Data records:
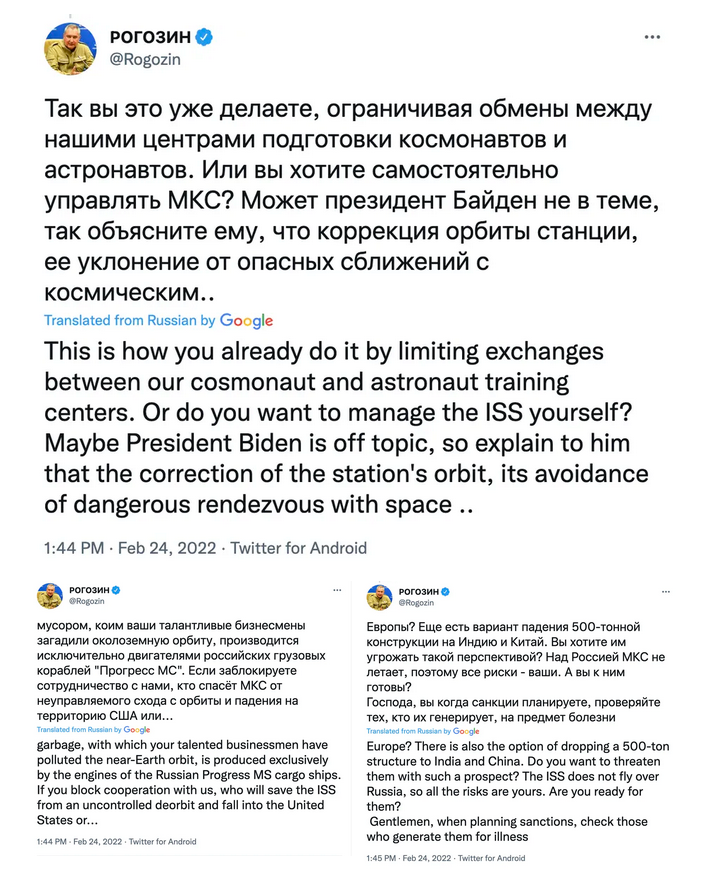 Συγκεκριμένα, ο επικεφαλής της Roscosmos Ντιμίτρι Ρογκόζιν δήλωσε ότι "αν μπλοκάρετε τη συνεργασία σας με μας, ποιος θα σώσει τον ISS από το να τεθεί ανεξέλεγκτα εκτός τροχιάς και να πέσει στην περιοχή των ΗΠΑ ή της Ευρώπης; Υπάρχει επίσης πιθανότητα πτώσης του 500 τόνων σταθμού στην Ινδία ή στην Κίνα. Θέλετε να τους απειλήσετε με μια τέτοια προοπτική; Ο ISS δεν περνάει πάνω από τη Ρωσία, συνεπώς οι κίνδυνοι είναι όλοι δικοί σας. Είστε έτοιμοι γι' αυτούς;".
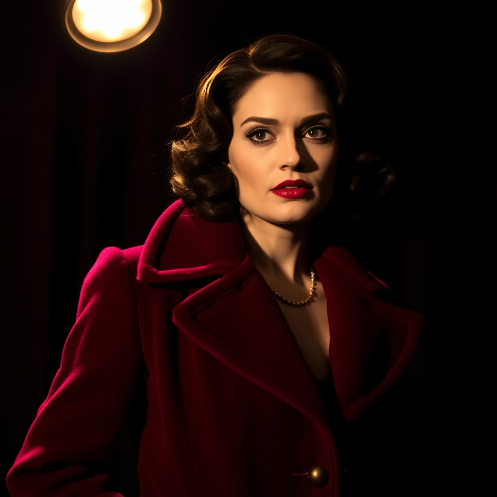 Rachel Weisz in vintage crimson opera coat, illuminated by a single spotlight in Art Deco elegance, high-contrast close-up, mystical "dark femme" allure, 1950s Old Hollywood inspired, rich plum and garnet hues on velvety black, wistful, 11:16.
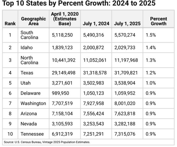 Fueled by a sizeable net domestic migration increase of 66,622, South Carolina’s population grew by 79,958 between July 1, 2024, and July 1, 2025. The increase of 1.5% was the highest of any state and was down somewhat from its 1.8% increase in 2024. Idaho (1.4%) and North Carolina (1.3%) followed closely, with their growth also driven by domestic migration gains. Texas (1.2%) grew rapidly from a combination of natural change and net international migration, despite a sharp slowdown in gains from the latter. Utah (1.0%) grew mainly from natural change, as net international migration — the largest contributor to its growth last year — slowed.
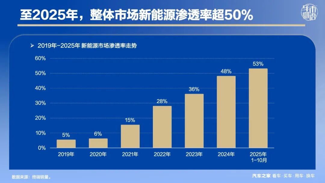 至2025年1-10月,新能源市场首次突破50%大关,但增长速度也开始放缓,同比2024年1-10月仅增长6个百分点。
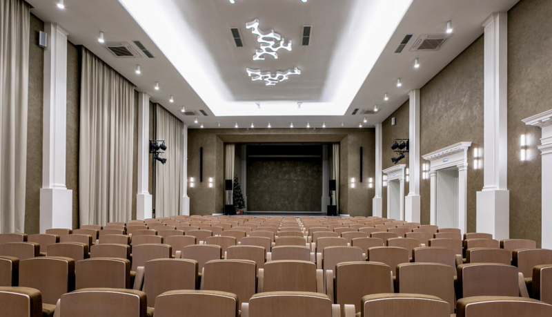 Площадь 360 кв.м, вместимость до 250 человек, зал оборудован экраном, проектором, звуковым и световым оборудованием, стационарной сценой.

What to work on: Once the pictures are set aside, repeat the data above exactly as written.

Expected answer:
 Συγκεκριμένα, ο επικεφαλής της Roscosmos Ντιμίτρι Ρογκόζιν δήλωσε ότι "αν μπλοκάρετε τη συνεργασία σας με μας, ποιος θα σώσει τον ISS από το να τεθεί ανεξέλεγκτα εκτός τροχιάς και να πέσει στην περιοχή των ΗΠΑ ή της Ευρώπης; Υπάρχει επίσης πιθανότητα πτώσης του 500 τόνων σταθμού στην Ινδία ή στην Κίνα. Θέλετε να τους απειλήσετε με μια τέτοια προοπτική; Ο ISS δεν περνάει πάνω από τη Ρωσία, συνεπώς οι κίνδυνοι είναι όλοι δικοί σας. Είστε έτοιμοι γι' αυτούς;".
 Rachel Weisz in vintage crimson opera coat, illuminated by a single spotlight in Art Deco elegance, high-contrast close-up, mystical "dark femme" allure, 1950s Old Hollywood inspired, rich plum and garnet hues on velvety black, wistful, 11:16.
 Fueled by a sizeable net domestic migration increase of 66,622, South Carolina’s population grew by 79,958 between July 1, 2024, and July 1, 2025. The increase of 1.5% was the highest of any state and was down somewhat from its 1.8% increase in 2024. Idaho (1.4%) and North Carolina (1.3%) followed closely, with their growth also driven by domestic migration gains. Texas (1.2%) grew rapidly from a combination of natural change and net international migration, despite a sharp slowdown in gains from the latter. Utah (1.0%) grew mainly from natural change, as net international migration — the largest contributor to its growth last year — slowed.
 至2025年1-10月,新能源市场首次突破50%大关,但增长速度也开始放缓,同比2024年1-10月仅增长6个百分点。
 Площадь 360 кв.м, вместимость до 250 человек, зал оборудован экраном, проектором, звуковым и световым оборудованием, стационарной сценой.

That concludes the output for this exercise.